Dass das Schulsystem privatisiert werden soll, steht für mich außer Frage. Grund für meine Überzeugung ist die entsprechende Forderung der WTO mit GATS, Position Nr. 5.

  • WTO-GATS - Privatisierungsanforderungen -
    1. BILDUNGSDIENSTLEISTUNGEN

    1. Kindergarten/Grundschule

    2. Schulbildung
    3. Berufs-/Universitätsausbildung
    4. Erwachsenenbildung
    5. Andere Bildungseinrichtungen

    Ursula von der Leyen und Anette Schavan reden viel über Eliten. Sie reden nicht nur davon, sie tun auch was dafür. Aber, so mein Eindruck, sollen diese Eliten aus der Geldelite rekrutiert werden und nicht aus dem Gesamtkontingent der Bevölkerung. dafür aber aus den Mitteln der Bevölkerung, also aus Steuermitteln. Für die Kinder von Familien mit Hartz IV Bezug wird nichts, aber auch absolut nichts getan. Dafür kann man aber sehen wie sich Eliten verhalten, denn das wird gerade wieder an zwei Beispielen verdeutlicht.

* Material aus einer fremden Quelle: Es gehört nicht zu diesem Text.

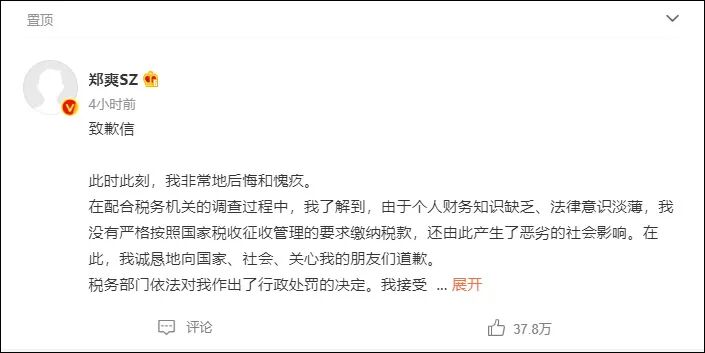 今天下午,郑爽通过微博道歉,表示将克服一切困难按时补缴税款、缴纳罚款。

    • Für die Post wurde ein Mindestlohn vereinbart, nicht üppig, aber zumindest ein Anfang, möchte man denken. Die Einigung über den Mindestlohn hatte einen Anstieg der Postaktien an der Börse zur Folge. Zumwinkel, seines Zeichens Vorstandsvorsitzender der Post AG nutzte die Gunst der Stunde, Aktien aus dem Bestand seiner Aktienoptionen zu verscherbeln und 4,73 Millionen zu kassieren. Mal so eben nebenbei. Natürlich hat das nichts mit dem Kurssprung zu tun, so ein Sprecher der Post. Das läge nur daran, dass es gerade ein gesetzliches Zeitfenster für den Verkauf der Aktien gegeben habe (Vorstandsvorsitzende dürfen in Deutschland nur zu bestimmten Zeiten Aktien verkaufen oder Optionen einlösen). Wer nun glaubt, dass das Theater um den Mindestlohn bei der Koalition und dann die überraschende Einigung auch im Zusammenhang mit dem Zeitfenster betrachtet werden könne, würde sicherlich wütende Proteste der Politik und Gewerkschaften heraufbeschwören.
    • Das zweite Beispiel ist der Porsche-Chef Wiedeking, der ein Jahresgehalt von ca. 50 Millionen angesichts seiner Verdienste um Porsche für angemessen hält. In diesem Zusammenhang verweise ich auf etliche Berichte von Prof. Selenz, der diese Porsche-Sanierung auf Kosten von VW näher beleuchtet hat.

    So sehe und kommentiere ich Gezeter um Pisa und das Interview in der TAZ. Ich kann mir das auch erlauben, schließlich bin ich kein Wissenschaftler und bin auch nicht in einer exponierten Stellung wie Frau Allmendinger, die vom politischen Wohlwollen nicht so ganz unabhängig ist. Dafür habe ich eine Meinung, die ich völlig losgelöst von der politischen Stimmung äußere.